In part one, we did a primer of the Streams class in Node.js. This article may be read completely as a standalone. However, if you’re unfamiliar with Node Streams, it would be immensely helpful to read part one to improve your understanding of this piece and streams in general :)

At the time of this article’s publication, there have been a total of 4 distinct design implementations of Node.js Streams. Each iteration introduced new features to improve efficiency and the API interface for the developers using Node.js.

Timeline of stream implementations against relevancy of Node.js on Google Trends

To begin to understand the history of streams, it’s important to recall the UNIX philosophy Node.js has inherited, which emphasizes on reusability and singular functionality.

While investigating each iteration, let’s frame the evolutionary process from the lens of this core philosophy:

Each version strives to become easier for developers to use, with less overhead or maintenance.
Each major release should be as close to backwards-compatible as possible.
No fuss, no muss: a “it just works” approach.

Streams0

Dist: https://nodejs.org/dist/v0.1.100/
Doc: https://nodejs.org/docs/v0.1.100/api.html
Git: https://github.com/nodejs/node-v0.x-archive/tree/v0.2

Node.js was officially released in 2009. Since then, it has continuously improved itself from the feedback and contributions of the community. Like any growing repository, there have been radical changes as a result of a thoughtful, democratic, decision-making process.

Streams0 is the very first implementation of streams, and while it is highly unlikely you will encounter a package in the wild that still uses this version of Node.js, it is nonetheless a natural starting point to unfold the evolution of streams.

In the earliest versions of Node.js, Stream was described with the same definition as the current documentation:

A stream is an abstract interface implemented by various objects in Node. For example a request to an HTTP server is a stream, as is stdout. Streams are readable, writable, or both.

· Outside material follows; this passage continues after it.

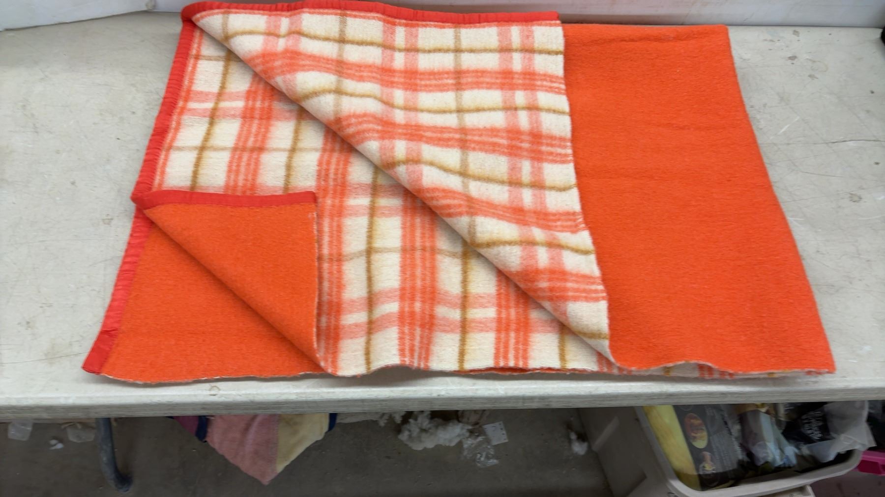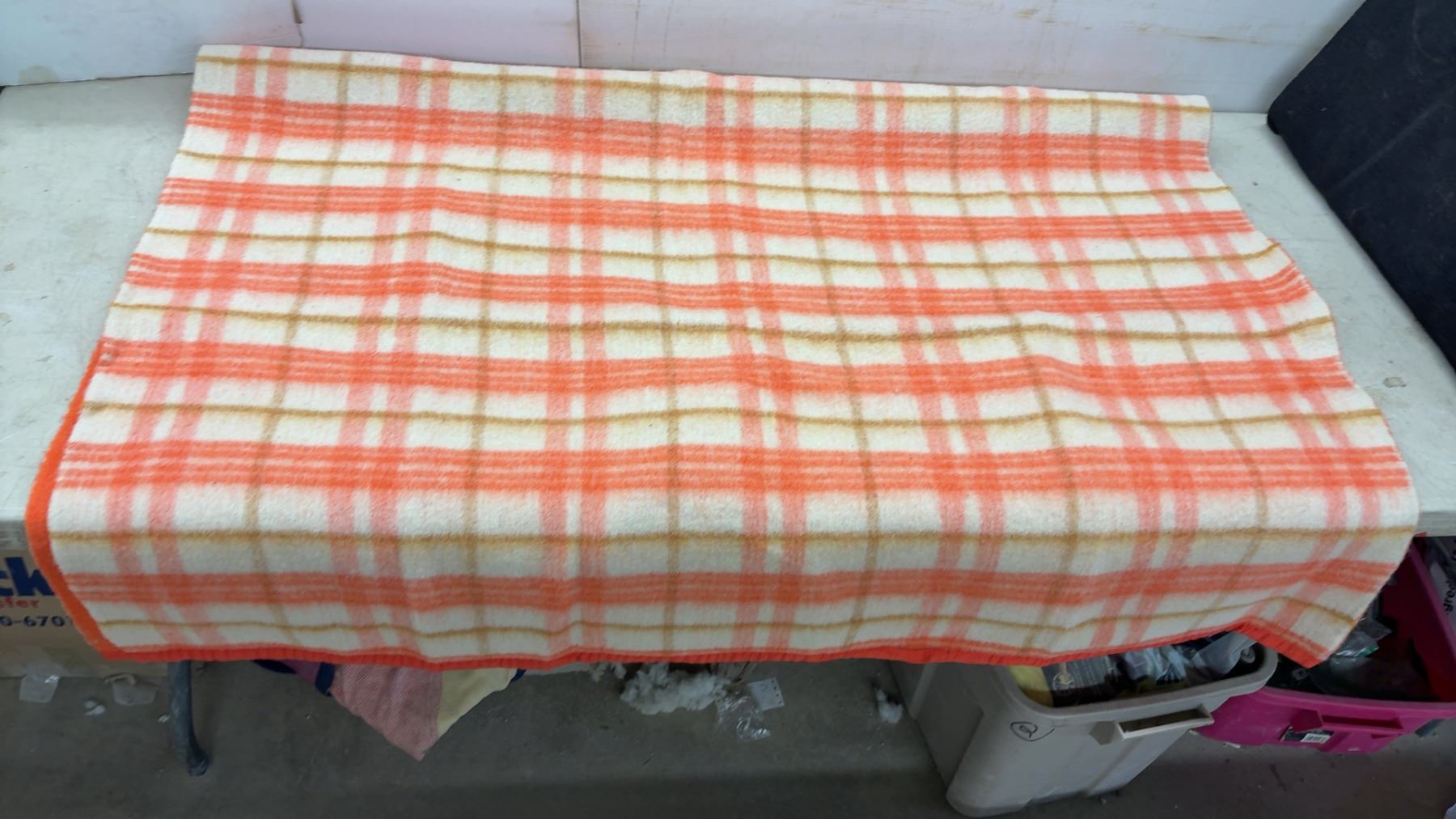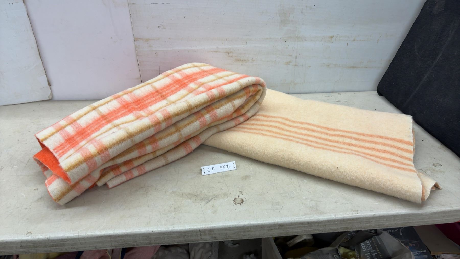 Lot 592 2 Vintage Wool Blankets Orange/Cream Striped
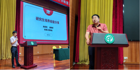 在“导师代表经验分享”环节,机械工程学院赵愈亮老师和法社学院陈成文老师结合自身指导研究生的实践,分享了育人心得与方法。他们丰富的指导经验为其他导师提供了宝贵借鉴,现场互动热烈。

All streams are instances of EventEmitter.

In this legacy of Node.js, “streams” are still found in the common domains (http, fs, tty, etc.) they are now, but they were built independently and inherited from the prototypical EventEmitter directly.

// Streams0: fs.module
sys.inherits(ReadStream, events.EventEmitter);// Streams3: fs.module
util.inherits(ReadStream, Readable);

Stream as a class had yet to be abstracted. It may be obvious to us now with the vantage point of retrospect to discern the utility of a class, which has its own standard functions and automation, and how they elevate the development of Node.js modules.

Yet, it was only through experimentation from the community of developers, the arising frustrations, and inconsistent products that were proliferating the economy of Node packages which led to mismatching modules and libraries, that really inspired the enveloping model we now know as Stream.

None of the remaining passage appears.